I've been managing my about 50k photos (around 72k files) using git-annex. Recently I've decided to add a directory remote using importtree/exporttree in order to synchronize it with Nextcloud. To start slowly, I've first exported the files, then let Nextcloud upload them and then imported the files again. During the import, some files were re-imported, I think Nextcloud re-synced those files due to some errors that occurred during uploading. I've then compared the freshly create git branch to the current branch and found that while those re-imported files were not different, some other files had differences. On closer inspection, I found that these files have been replaced by identically sized files, leading, e.g., to the following diff:

diff --git a/Profiles/Sony DSC-RX100M5A Camera Portrait.dcp b/Profiles/Sony DSC-RX100M5A Camera Portrait.dcp
index 918bbfcc8ff..8c163b32ae2 120000
--- a/Profiles/Sony DSC-RX100M5A Camera Portrait.dcp    
+++ b/Profiles/Sony DSC-RX100M5A Camera Portrait.dcp    
@@ -1 +1 @@
-../.git/annex/objects/Pj/xF/SHA256E-s278110--e4a0dcd12fa02840605dbc4f7c6e258ff3002faf3fc3dc2ca262e8bbf1cf542f.dcp/SHA256E-s278110--e4a0dcd12fa02840605dbc4f7c6e258ff3002faf3fc3dc2ca262e8bbf1cf542f.dcp
\ No newline at end of file
+../.git/annex/objects/5f/Kg/SHA256E-s278110--82041bcc454f77ee5b4a55522178cdc9d5aa2d78b03176236add7e28dfac2b63.dcp/SHA256E-s278110--82041bcc454f77ee5b4a55522178cdc9d5aa2d78b03176236add7e28dfac2b63.dcp
\ No newline at end of file

These are camera profiles, and the file it has been replaced with is a different camera profile in the same directory. I've checked in the exported directory and the two camera files have the correct SHA256 hash there. To be precise, the file there has hash e4a0dcd12fa02840605dbc4f7c6e258ff3002faf3fc3dc2ca262e8bbf1cf542f while the commit created during import claims it has the hash 82041bcc454f77ee5b4a55522178cdc9d5aa2d78b03176236add7e28dfac2b63. I have similar changes in Audacity project files that I also have in the same repository where 8 out of 22 files have been replaced by others. Of these 22 files, 20 have the same size. I have seen one case where two files were replaced by the same target file, apart from that from a manual inspection, the hashes of the files in the diff seem to be disjoint.
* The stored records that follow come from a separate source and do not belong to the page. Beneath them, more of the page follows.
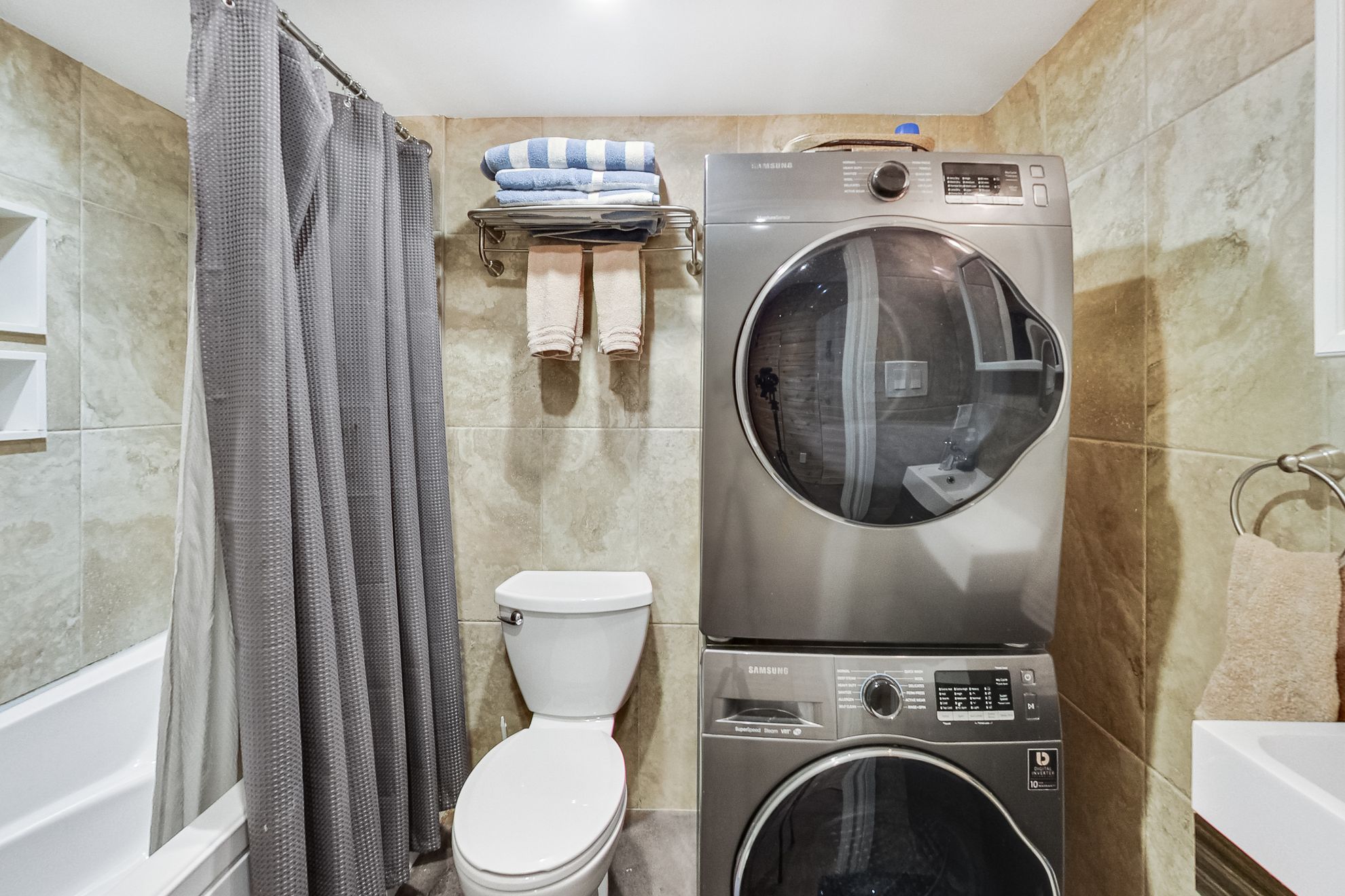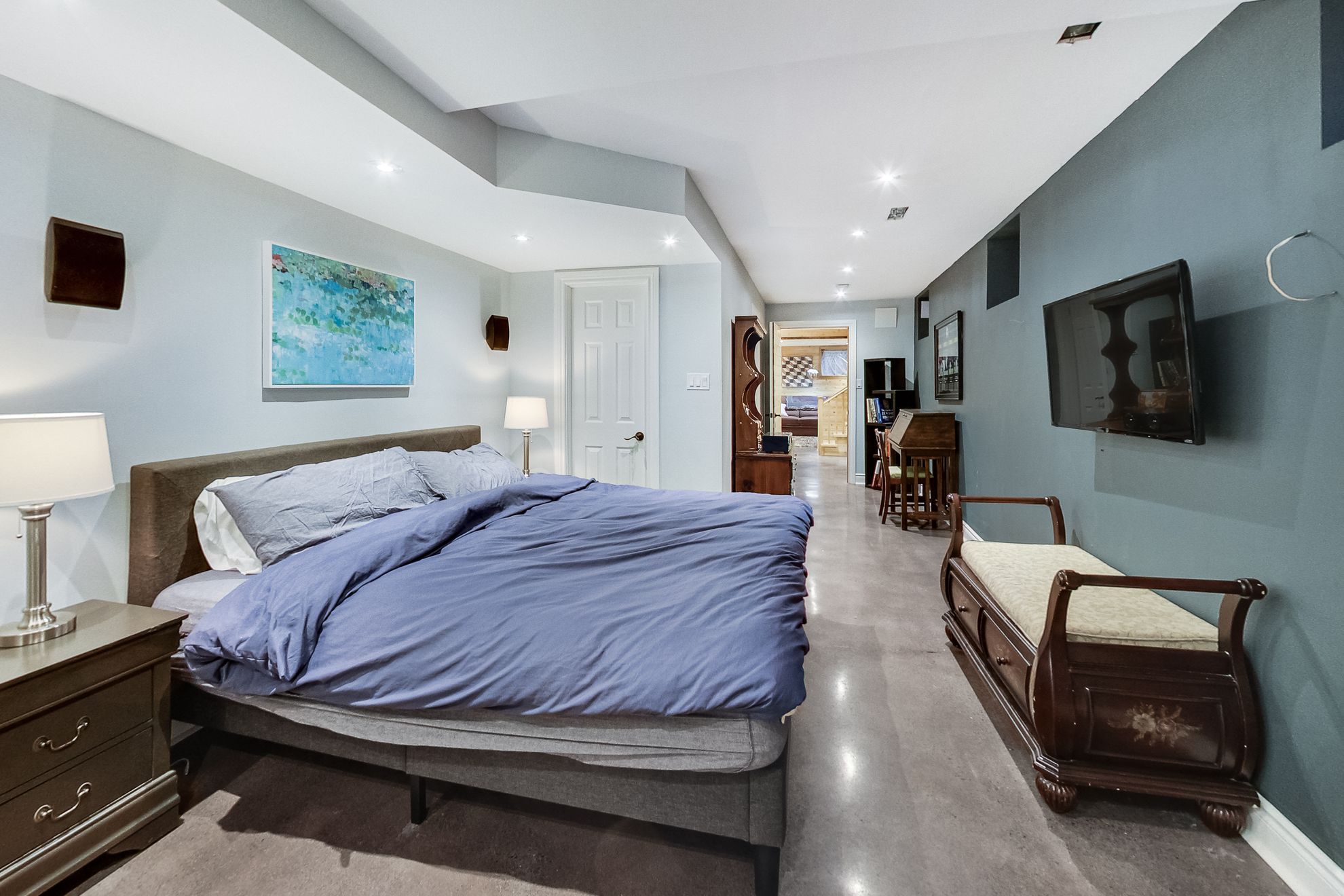 Downstairs, the show continues with the basement. This space can be a self-contained unit. There’s a separate entrance, 8ft ceiling height, with polished concrete floors and separate bedroom, living room, kitchen, bath, and laundry.
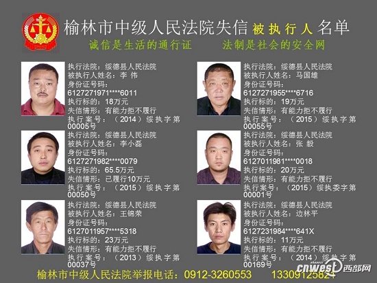 榆林今天公布了第二批96名失信被執(zhí)行人信息(詳情點(diǎn)擊http://www.ylwm.cn/zt/sxbzxmd/
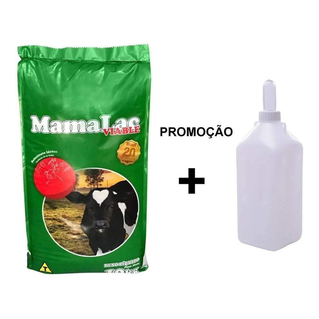 Leite Em Pó Para Bezerros Mamalac 10kg e Mamadeira Para bezerros 2L
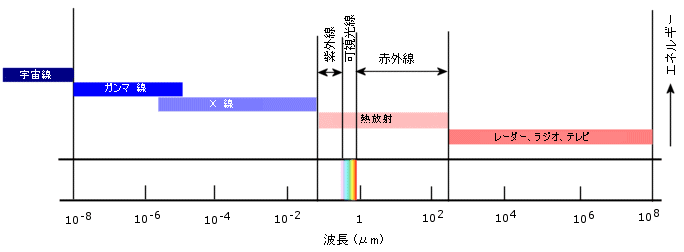 ふく射 熱輻射は、温度が原因で、電磁波の形をとって物体から熱エネルギーが放出される現象です。 絶対零度以上の温度を持つ物体は、熱エネルギーを放出します。 電磁波は真空中を伝播するため、輻射するための媒体を必要としません。 下の図は、熱輻射以外の手段(X 線、y 線、宇宙線など)で放出された放射と比較した熱輻射の範囲を波長で示したものです。 太陽のエネルギーは輻射によって地球へ伝えられます。 電磁波は光の速度で伝播するため、最も高速な熱伝達メカニズムです。 目次 輻射の基本定義 ステファン ボルツマンの法則 プランク分布(Planck Distribution) 実表面からの輻射放出 表面の放射熱交換(面-面輻射)(Radiation Exchange Between Surfaces (Surface to Surface Radiation)) シェルサーフェスからの輻射(Radiation from Shell Surfaces) 輻射形態係数 親トピック熱伝達の仕組み 関連概念 伝導 対流(Convection)

The problem remains when running the import command again and when merging the remote, there are actually duplicates in the affected directories. I've rolled back the merge using git reset --merge. I assume touching the affected files in the export and re-importing could solve the problem, but I would like to preserve any state that could help with debugging for now as I would really like to know the root cause of this to avoid that this happens again.

What steps will reproduce the problem?

I have tried reproducing the problem using the set of camera profiles in a new git-annex repository, but without any luck. I've also tried generating equally-sized random files, again without any luck. In theory, the steps to reproduce should be the following, but the resulting diff is always empty:

mkdir annex-test
cd annex-test/
git init .
git annex init
mkdir ../d
git annex initremote d type=directory directory=../d exporttree=yes importtree=yes encryption=none
# create some files
for i in $(seq 32); do dd if=/dev/urandom of=file${i}.test bs=200k count=10; done
git annex add .
git commit -m "initial commit"
git annex export master --to d
git annex import master --from d
git diff d/master

What version of git-annex are you using? On what operating system?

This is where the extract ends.